> _What you are asked to do_
Each line from the one with "aurora borealis, northern" through the last line below must be written out exactly. Do not copy pictures.

----- Data provided -----

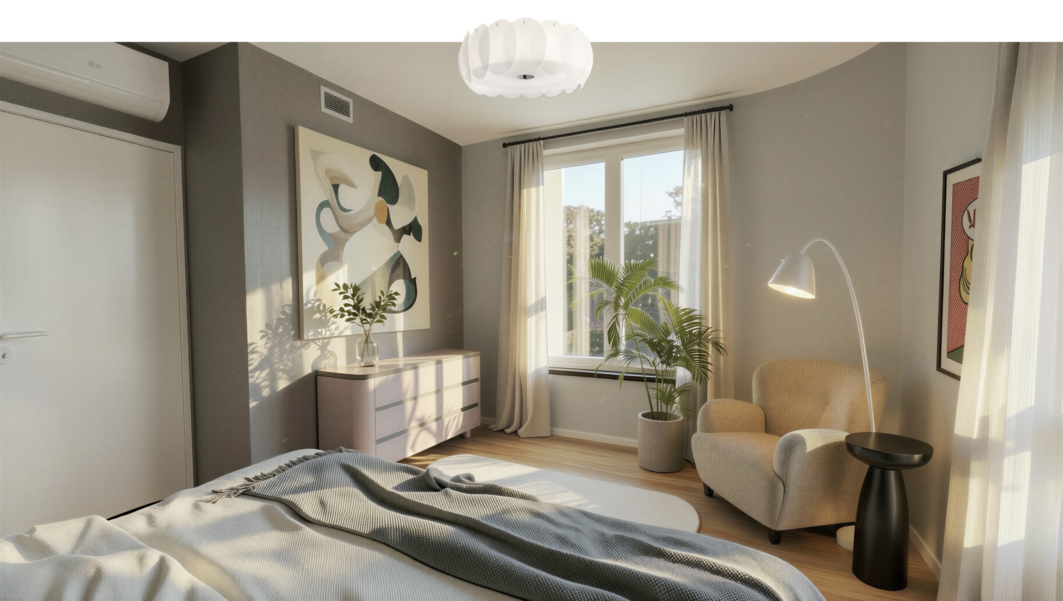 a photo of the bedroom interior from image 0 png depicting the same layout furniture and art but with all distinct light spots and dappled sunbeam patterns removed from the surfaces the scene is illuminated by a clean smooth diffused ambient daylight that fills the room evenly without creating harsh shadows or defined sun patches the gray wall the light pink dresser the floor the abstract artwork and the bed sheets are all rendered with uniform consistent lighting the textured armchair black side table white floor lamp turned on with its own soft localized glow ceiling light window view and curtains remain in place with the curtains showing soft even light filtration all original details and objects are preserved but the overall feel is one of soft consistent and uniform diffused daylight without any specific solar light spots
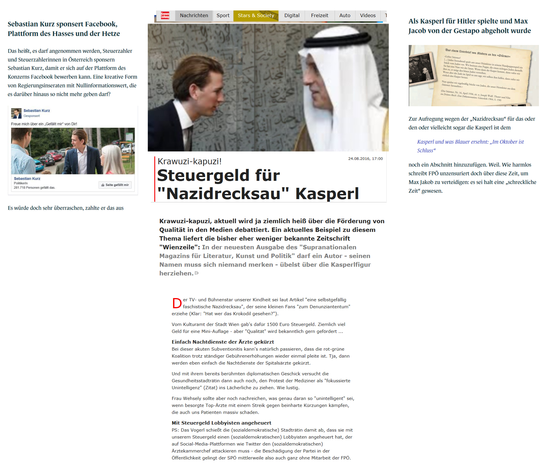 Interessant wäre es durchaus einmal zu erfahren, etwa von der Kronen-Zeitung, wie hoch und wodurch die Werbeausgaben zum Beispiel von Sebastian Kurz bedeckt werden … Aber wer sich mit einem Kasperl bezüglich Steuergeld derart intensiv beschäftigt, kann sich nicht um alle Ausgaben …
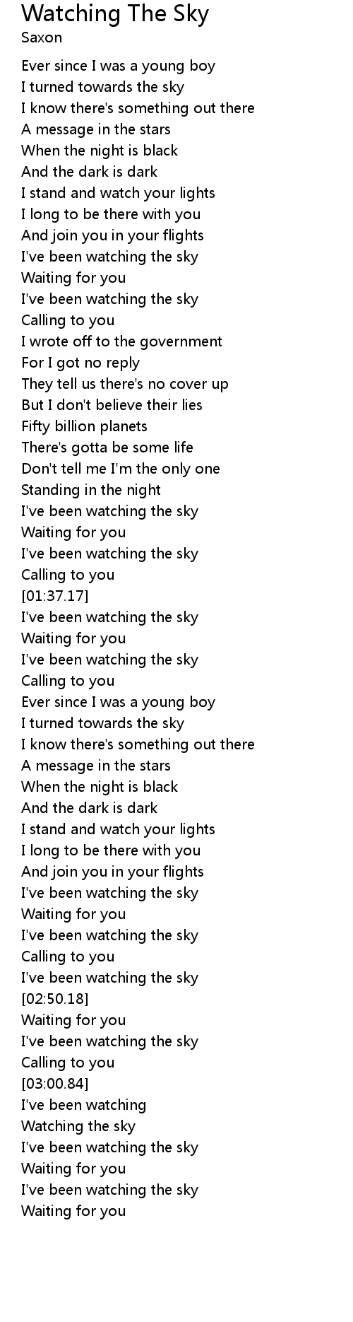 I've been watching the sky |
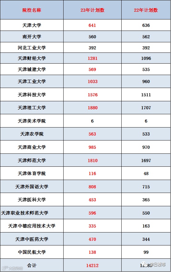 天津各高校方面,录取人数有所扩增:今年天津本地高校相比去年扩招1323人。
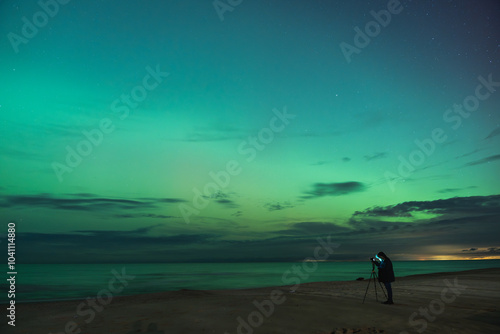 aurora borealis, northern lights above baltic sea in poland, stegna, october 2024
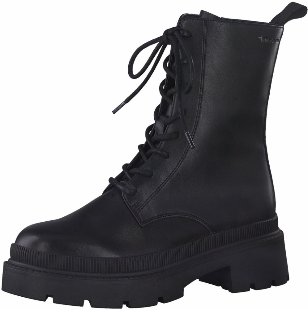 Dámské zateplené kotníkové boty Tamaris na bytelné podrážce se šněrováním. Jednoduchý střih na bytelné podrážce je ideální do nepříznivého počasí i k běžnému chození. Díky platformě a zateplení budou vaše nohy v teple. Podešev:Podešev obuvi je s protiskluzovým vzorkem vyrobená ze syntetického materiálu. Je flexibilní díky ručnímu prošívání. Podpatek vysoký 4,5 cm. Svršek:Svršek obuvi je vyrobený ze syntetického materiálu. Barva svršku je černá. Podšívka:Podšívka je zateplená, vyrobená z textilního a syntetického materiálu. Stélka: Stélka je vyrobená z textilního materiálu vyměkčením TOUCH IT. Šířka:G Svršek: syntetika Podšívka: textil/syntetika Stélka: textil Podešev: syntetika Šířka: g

-----

> _Response to this task_
 aurora borealis, northern lights above baltic sea in poland, stegna, october 2024
 Dámské zateplené kotníkové boty Tamaris na bytelné podrážce se šněrováním. Jednoduchý střih na bytelné podrážce je ideální do nepříznivého počasí i k běžnému chození. Díky platformě a zateplení budou vaše nohy v teple. Podešev:Podešev obuvi je s protiskluzovým vzorkem vyrobená ze syntetického materiálu. Je flexibilní díky ručnímu prošívání. Podpatek vysoký 4,5 cm. Svršek:Svršek obuvi je vyrobený ze syntetického materiálu. Barva svršku je černá. Podšívka:Podšívka je zateplená, vyrobená z textilního a syntetického materiálu. Stélka: Stélka je vyrobená z textilního materiálu vyměkčením TOUCH IT. Šířka:G Svršek: syntetika Podšívka: textil/syntetika Stélka: textil Podešev: syntetika Šířka: g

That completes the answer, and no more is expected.